Did you spray with 3% and let sit out of water for a half hour? I am going to scrub and then spray and let sit out.

Normal off the shelf 3% - it was a brand new bottle.

Spray? I opened the bottle and liberally poured it on the algae ;).

I didn't time it, but I poured it on and left it out while I cleaned everything else up - so 20-30 minutes.

The algae definitely looked like it was dying. Within 2-3 days it was turning pink and a few days later it was looking more white. But then it started to "recover" and now looks no worse for the wear.

The areas that I scrubbed clean are still clean; which I would expect.

I'll add I also chopped my lighting schedule in half at the start of this experiment.

To be clear, this is specifically very course/dense red turf algae.
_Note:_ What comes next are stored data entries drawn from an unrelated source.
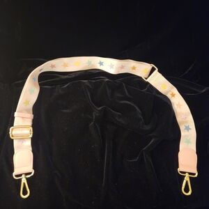 Limited edition stylish Stoney Clover Ln Park & Beach travel duffle bag. Gorgeous pink velour with multicolor star design. With included detachable shoulder strap. Full length gold metal zipper closure. Approximate dimensions are 24 inches long by 12 inches tall and 8 inches wide. The strap is adjustable and is 38 inches long as shown in the photos. A few photos inlude measurements. The duffle bag collapses down flat when empty as shown in the photos. New unused condition and smoke free. Feel free to ask any questions.
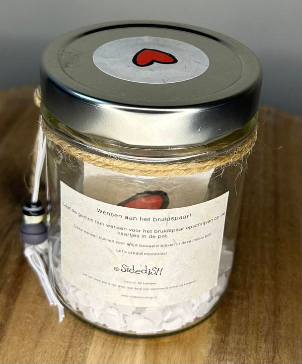 In dit glazen potje zitten kleine kaartjes waar je een lieve wens voor het bruidspaar kunt achterlaten. Een prachtig en persoonlijk element voor op de tafel tijdens een trouwreceptie
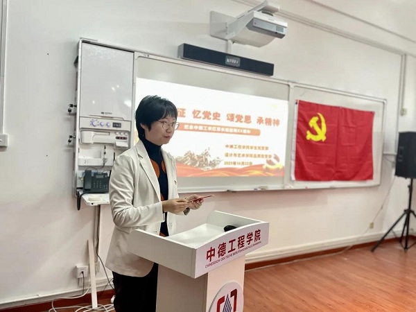 中德工程学院学生党支部书记严卫华也为师生们带来了红军长征途中《九个炊事员的故事》,讲述了长征途中面临粮食短缺、物资匮乏的恶劣环境下,红军战士甘于牺牲自我的伟大革命精神,让师生们更深刻地感受到红军战士坚定的理想信念,以及默默奉献,勇于牺牲的崇高精神。
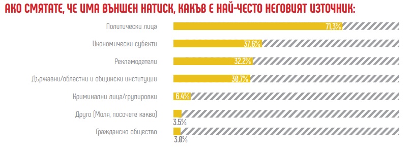 Този извод се потвърждава и от значителния ръст на външните форми на натиск. Ако през 2017 г. ,,външният натиск“ е оценен на 59%, а ,,вътрешният“ е посочен от около 65% от респондентите, то три години по-късно има отново видим обрат. ,,Външният натиск“ върху редакциите става все подоминираща форма за намеса в редакционното съдържание.
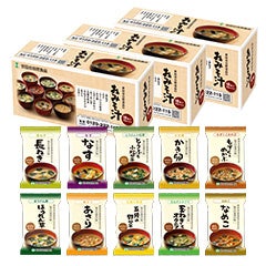 今回、「あさりのおみそ汁があったら嬉しい!」「色々な野菜の入ったおみそ汁も食べたい!」といったお客様のご要望にお応えして、「あさり」「五種の野菜」「玉ねぎとオクラ」の3種類の味わいを入れてリニューアルしました。
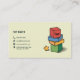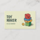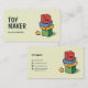 Un carte de visite avec un arrière - plan jaune pastel doux pour un fabricant de jouets ou un magasin de jouets avec une pile de blocs de jouets en bois aux couleurs vives dans une atmosphère dessinée à la main. Les blocs sont disposés dans une tour fantaisie avec un bloc rouge placé sur le dessus, affichant un texte personnalisable, et une étoile unique stylisée se trouve près du coin inférieur. Il pourrait être utilisé par une fabrication artisanale de jouets en bois, construction ou jeux éducatifs, etc.
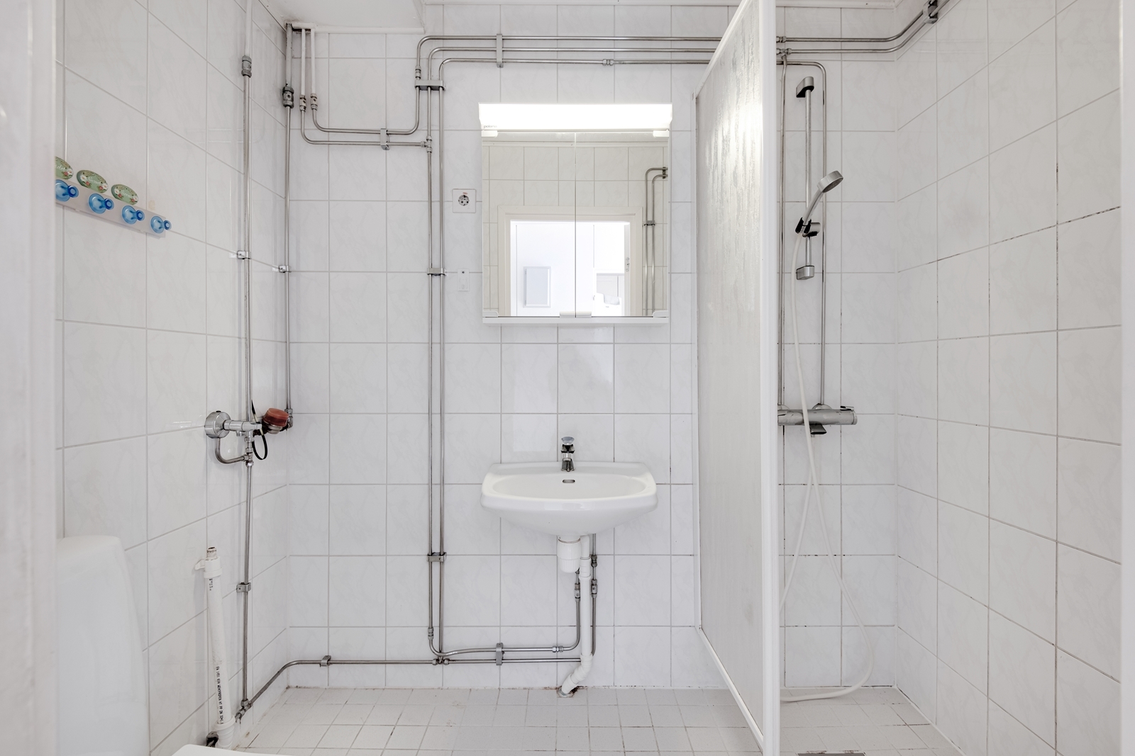 Pesukoneliitäntä, allaskaappi, suihku, peilikaappi, wc-istuin ja kiinteät valaisimet, seinät (kaakeli), lattiat (laatta) |

Not any type of green algae. I'v battled green hair, bubble algae, red turf algae -- the red turf is hands down the worst and most persistent I have seen. It kind of boggles me that it isn't more commonly discussed.

My tank maturing naturally cleared out the hair algae I had. A Vibrant cycle rapidly knocked out the bubble algae. Nothing has put a reasonable dent in the red turf.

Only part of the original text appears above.